> [WHAT THIS TASK INVOLVES]
Starting at the line that contains "The kitchen keeps", transcribe each line exactly through the end of the data below, and skip any pictures.

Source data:
□ □ □ □ □ □ □
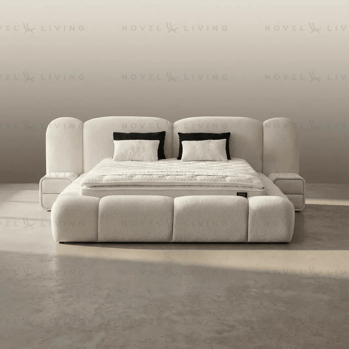 De Bumby boxspring bekleed zachte velvet stof met subtiele textuur geeft het bed een warme en luxe uitstraling, terwijl het royale hoofdbord zorgt voor extra comfort en een stijlvolle blikvanger in de slaapkamer.
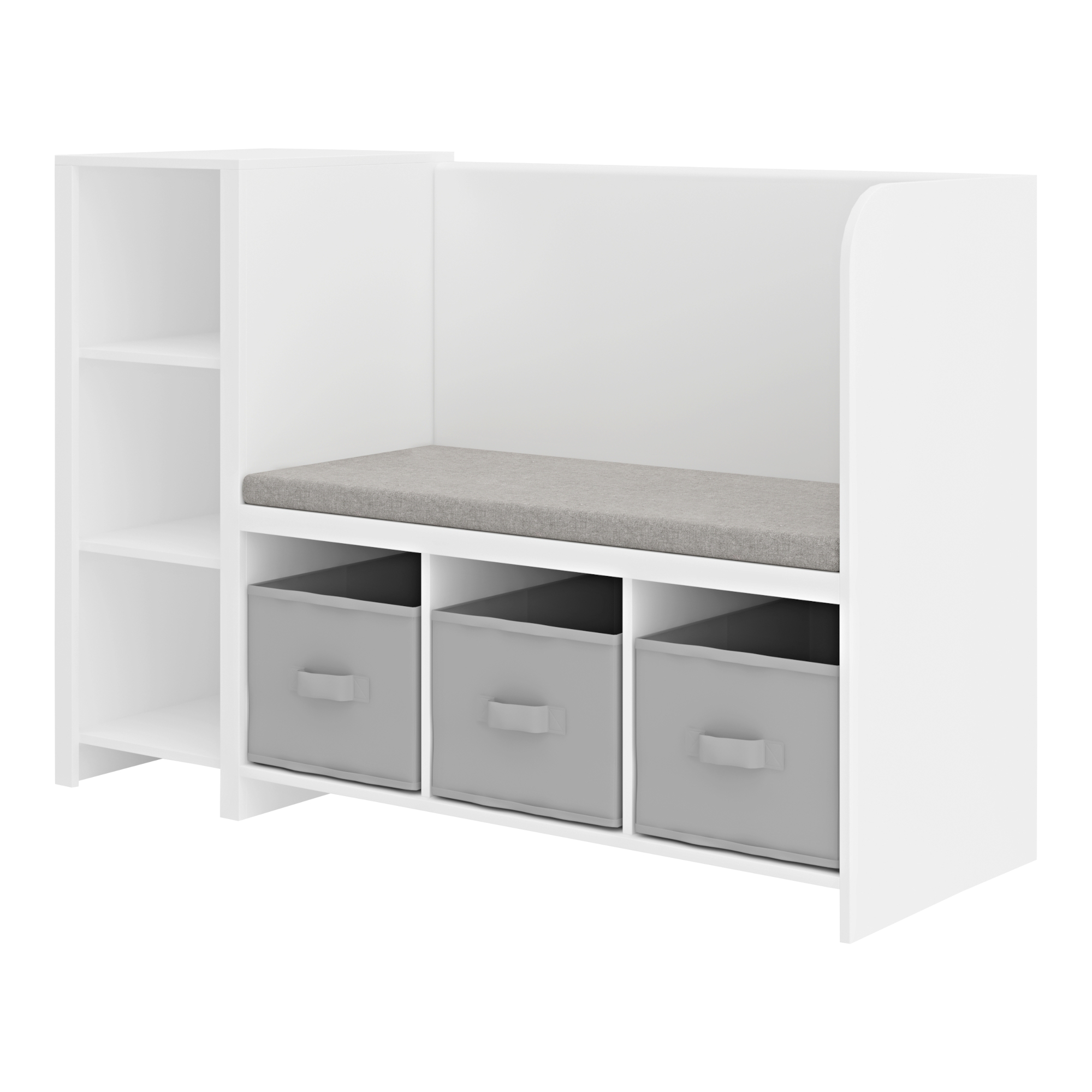 Die großzügige Sitzfläche ist mit einem behaglichen Polsterkissen ausgestattet, das für zusätzlichen Komfort sorgt. Unterhalb der Bank befinden sich drei geräumige Fächer mit herausnehmbaren Aufbewahrungsboxen, die für Spielzeug und andere Kleinigkeiten genutzt werden können.
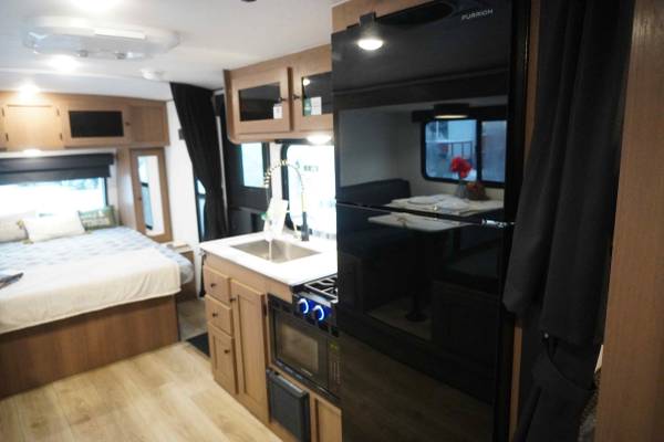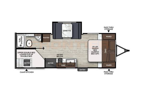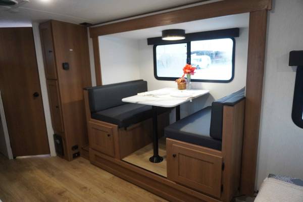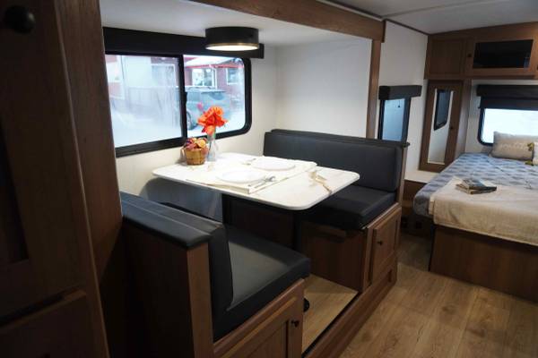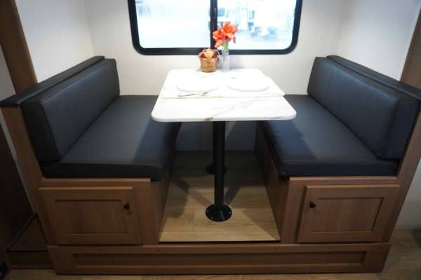 The kitchen keeps things simple and efficient with a two-burner cooktop, microwave, 10 cu. ft. refrigerator, pantry, and a booth dinette housed in the slide-out—giving you more elbow room when everyone piles in for breakfast. The rear corner bathroom features a tub/shower combo, perfect for rinsing off after hikes, fishing trips, or muddy campground adventures.
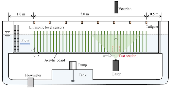 在滨海湿地生态系统中,水生植被不仅有助于维持生态稳定、美化环境,还可通过改变水流结构与紊动特性,直接影响地貌演变过程。因此,深入揭示植被对水流结构的作用机制,具有重要的科学与工程意义。以往研究已通过室内实验、数值模拟与野外观测等手段,对植被水流相互作用开展了广泛探讨。其中,近底水动力特征作为水沙运动研究的关键环节,尤其受到关注:由于粘性底层极薄的流速梯度是计算床面切应力的关键依据,而床面切应力又直接影响泥沙的起动与输运,因此该区域的水动力特性成为理解植被影响下河床演变的核心焦点之一。
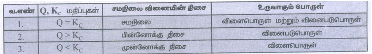 ● Q > KC எனில் வினை பின்னோக்கு திசையில் நிகழ்கிறது.
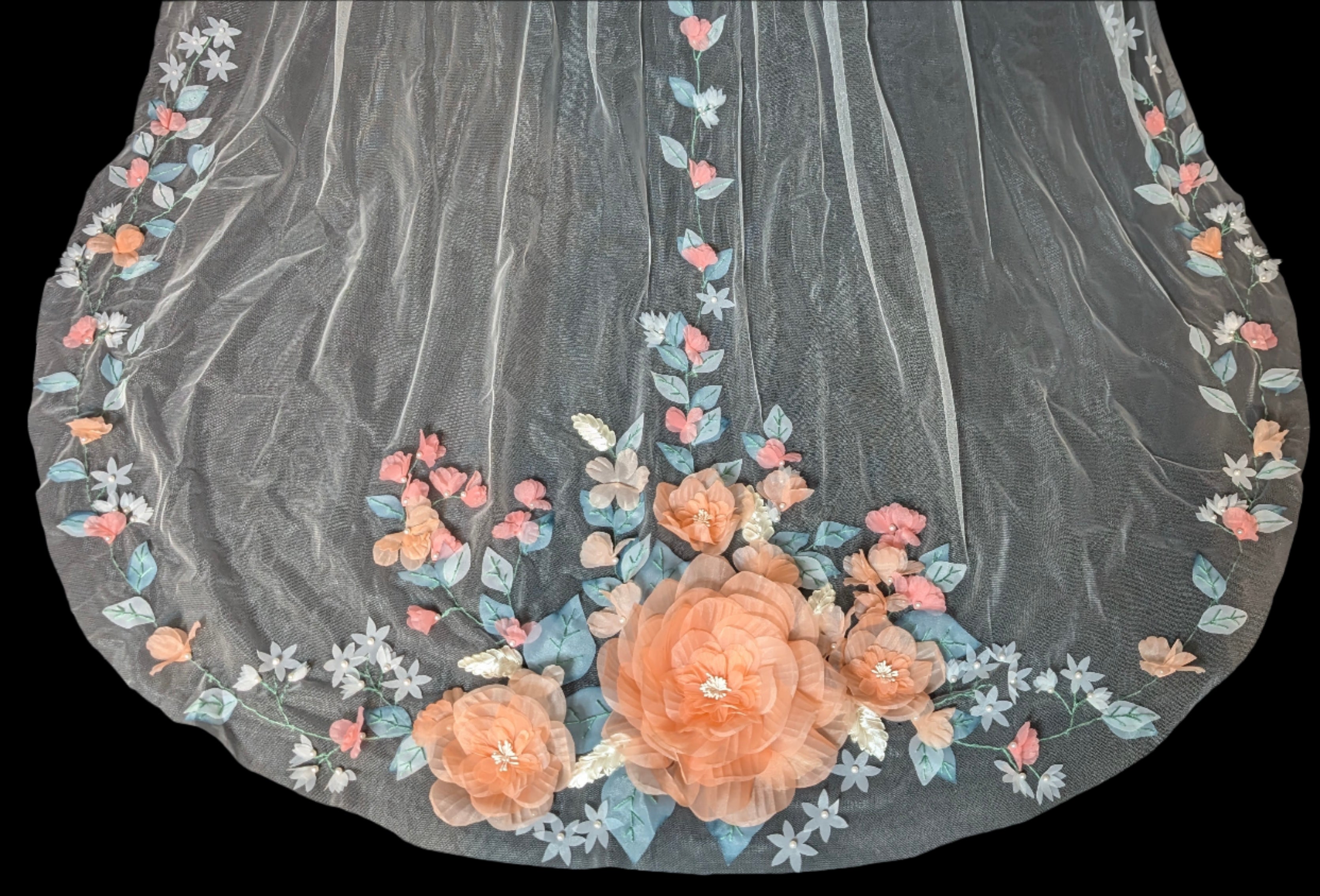3D Coral Floral Wedding Veil
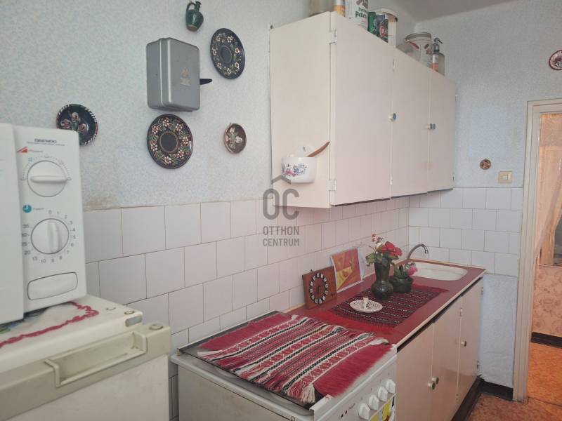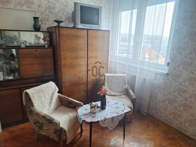 Eladó Tapolca Nyugati városrészében egy 2 szobás, 4. emeleti tégla lakás, rendezett tulajdoni viszonyokkal!Az ingatlanról:Alapterület: 55 m2Helyiségek: Előszoba, Konyha, Kamra, 2 Szoba, Fürdő + WC, ErkélyÉpítési mód: TéglaFűtés: Távfűtés, egyedi mérés nélkülKözművek: Víz, Villany, Csatorna bevezetve, Gáz nincsNyílászárók: részben műanyag, részben faÁllapot: Átlagos állapotúEmelet: 4. emelet (zárószint)Közös költség: 12500 FtTovábbi információ:Az ingatlan rendezett, zárt lépcsőházas társasházban van, csendes környezetben.Tartozik hozzá egy közös tároló, melyet 3 lakás tulajdonosai használnak közösen.Az ingatlan tehermentes.Az épület külső állapota jó, 2 évvel ezelőtt a tető megújult, víz szigetelés megtörtént.Amennyiben felkeltettem érdeklődését, keressen bizalommal!
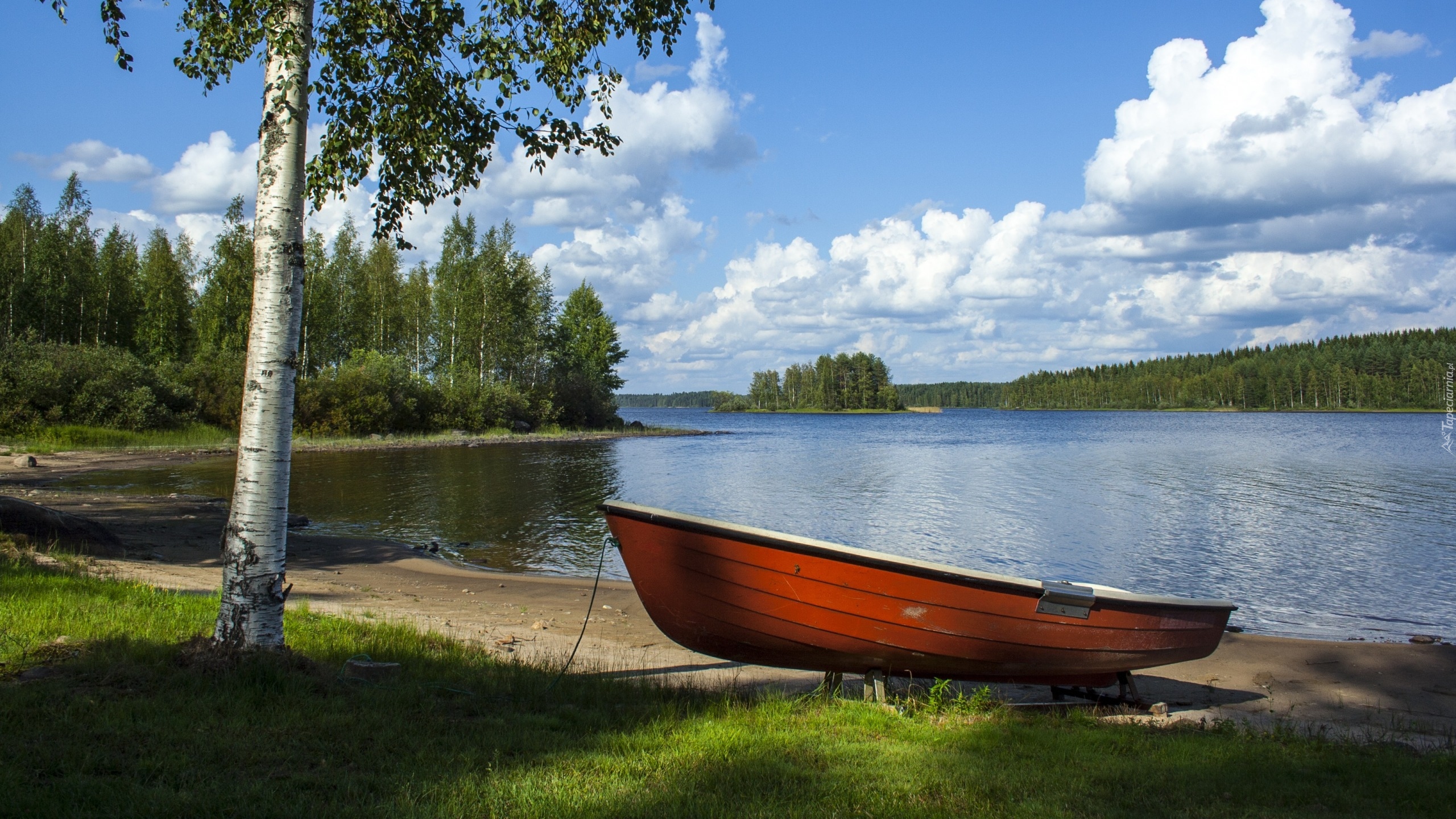 Edytor tapety: Łódka obok brzozy na brzegu jeziora
□ □ □ □ □ □ □
> [REPLY]
 The kitchen keeps things simple and efficient with a two-burner cooktop, microwave, 10 cu. ft. refrigerator, pantry, and a booth dinette housed in the slide-out—giving you more elbow room when everyone piles in for breakfast. The rear corner bathroom features a tub/shower combo, perfect for rinsing off after hikes, fishing trips, or muddy campground adventures.
 在滨海湿地生态系统中,水生植被不仅有助于维持生态稳定、美化环境,还可通过改变水流结构与紊动特性,直接影响地貌演变过程。因此,深入揭示植被对水流结构的作用机制,具有重要的科学与工程意义。以往研究已通过室内实验、数值模拟与野外观测等手段,对植被水流相互作用开展了广泛探讨。其中,近底水动力特征作为水沙运动研究的关键环节,尤其受到关注:由于粘性底层极薄的流速梯度是计算床面切应力的关键依据,而床面切应力又直接影响泥沙的起动与输运,因此该区域的水动力特性成为理解植被影响下河床演变的核心焦点之一。
 ● Q > KC எனில் வினை பின்னோக்கு திசையில் நிகழ்கிறது.
3D Coral Floral Wedding Veil
 Eladó Tapolca Nyugati városrészében egy 2 szobás, 4. emeleti tégla lakás, rendezett tulajdoni viszonyokkal!Az ingatlanról:Alapterület: 55 m2Helyiségek: Előszoba, Konyha, Kamra, 2 Szoba, Fürdő + WC, ErkélyÉpítési mód: TéglaFűtés: Távfűtés, egyedi mérés nélkülKözművek: Víz, Villany, Csatorna bevezetve, Gáz nincsNyílászárók: részben műanyag, részben faÁllapot: Átlagos állapotúEmelet: 4. emelet (zárószint)Közös költség: 12500 FtTovábbi információ:Az ingatlan rendezett, zárt lépcsőházas társasházban van, csendes környezetben.Tartozik hozzá egy közös tároló, melyet 3 lakás tulajdonosai használnak közösen.Az ingatlan tehermentes.Az épület külső állapota jó, 2 évvel ezelőtt a tető megújult, víz szigetelés megtörtént.Amennyiben felkeltettem érdeklődését, keressen bizalommal!
 Edytor tapety: Łódka obok brzozy na brzegu jeziora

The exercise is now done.